Accepting an invitation for his reinstatement into the Albanian governmental forces, Moisiu returned to Albania and at the end of 1940, while serving as the commander of Tomorri battalion, he was sent to the Italian-Greek front. Spiro did not want to fight against the Greeks and along with another Albanian major, Prenk Pervizi, withdrew his men from the front lines and induced many Albanians to desert. This caused him to be deported to a military post in Laç where he was kept under strict surveillance until the Italian High Military Court condemned him to death for desertion from the front lines. The sentence was later cancelled and his only punishment was dismissal from military service. This was because the Italians feared a mutiny of the Albanian soldiers who were still under Italian command.
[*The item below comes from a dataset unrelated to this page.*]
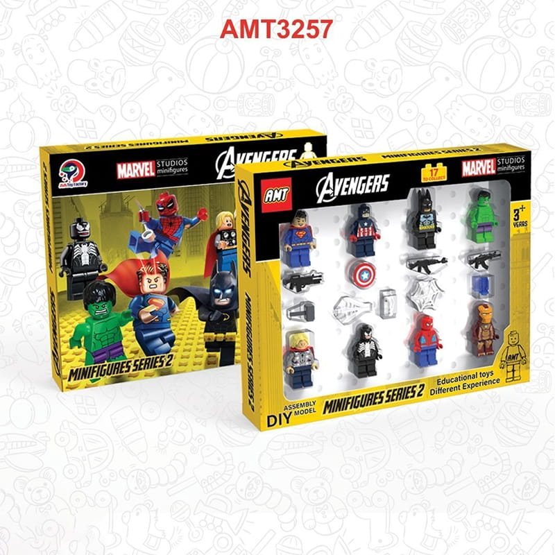 مینی فیگور 8 عددی Avengers مدل AMT 3257 شامل ترکیبی از شخصیتهای محبوب دنیای Marvel و DC است و برای کسانی که عاشق جمعآوری فیگورهای کوچک و رنگارنگ هستند، گزینهای عالی به شمار میرود.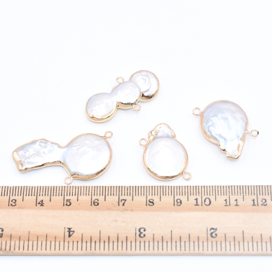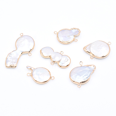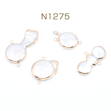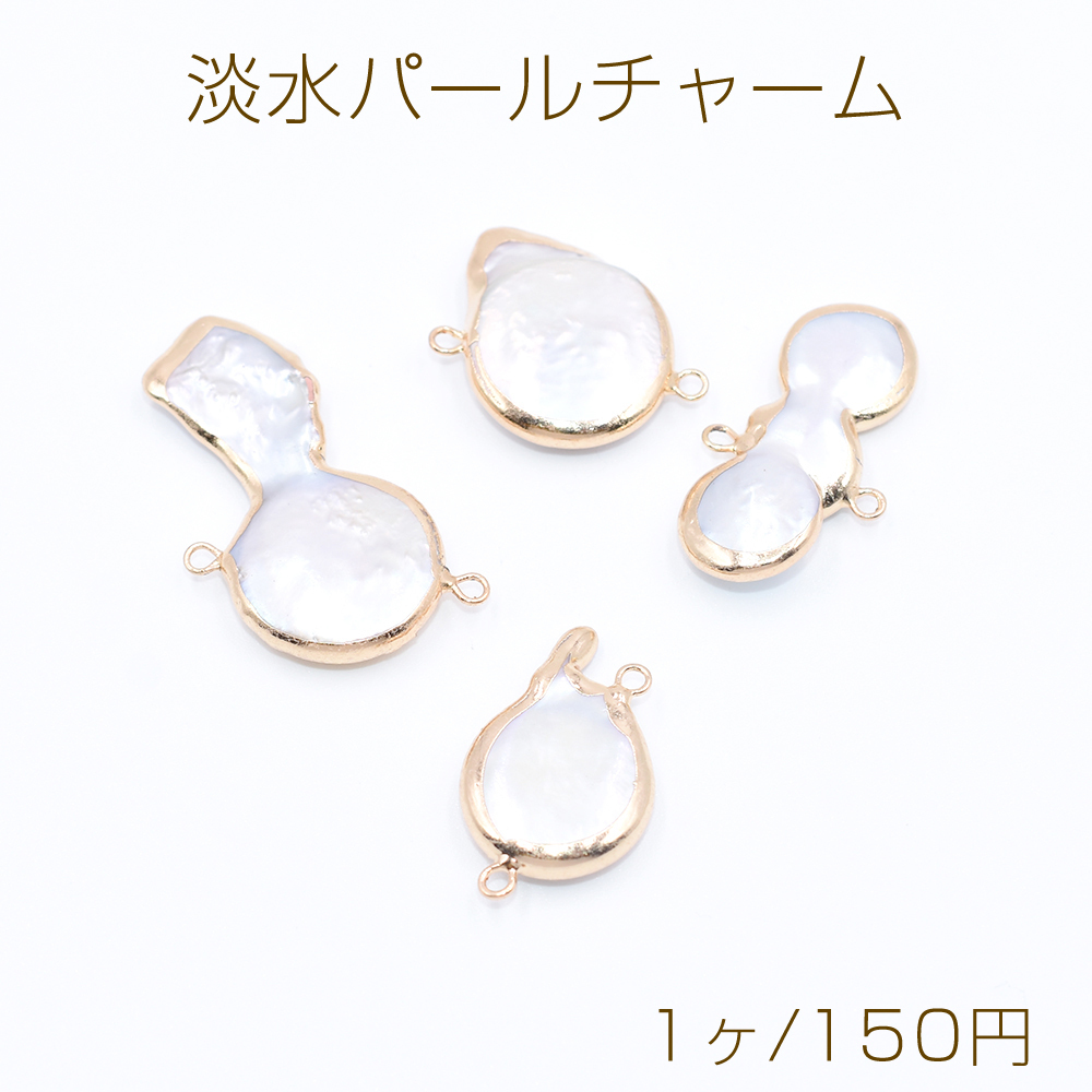 高品質淡水パールチャーム No.24 不規則 ゴールド/ホワイト 2カン付き【1ヶ】

=== Major General of the National Liberation Army ===
After his retirement from military service he was sent to the Berat region. He was there contacted by communists who in July 1943 proposed him to be the General Commander of Communist-dominated Albanian National Liberation Army (ANLA). He had the merit of turning the dispersed and not very well organised Albanian resistance forces into a regular army. Under his military leadership the ANLA was able to withstand two major offensives of the Germans in the winter of 1943-44 and in June 1944, while at the same time keeping the Germans under constant attacks; to win the war against the nationalist forces who opposed the ANLA, such as Balli Kombëtar, Legaliteti and others; and to liberate the country on November 29, 1944, Albania being the only country in Europe to have done so without the participation of Allied forces.

== After World War II ==
=== Opposition to Yugoslavia ===
He opposed the model proposed by the Yugoslavs for the reorganization of the Albanian army, and preferred Soviet instructors to Yugoslav ones. He sent many Albanian officers to Soviet military academies in order to create a new generation of Albanian officers.

=== Retirement ===
During a trial in 1946 one of the defendants testified that they had the support of Spiro Moisiu in a possible coup d'état. This led to his discharge from active duty and military service while he was only 46 years old.
Spiro Moisiu was married to Aspasi Druga from the reputable Druga family of Kavajë. The couple had three children, Alfred, Jolanda and Arqile.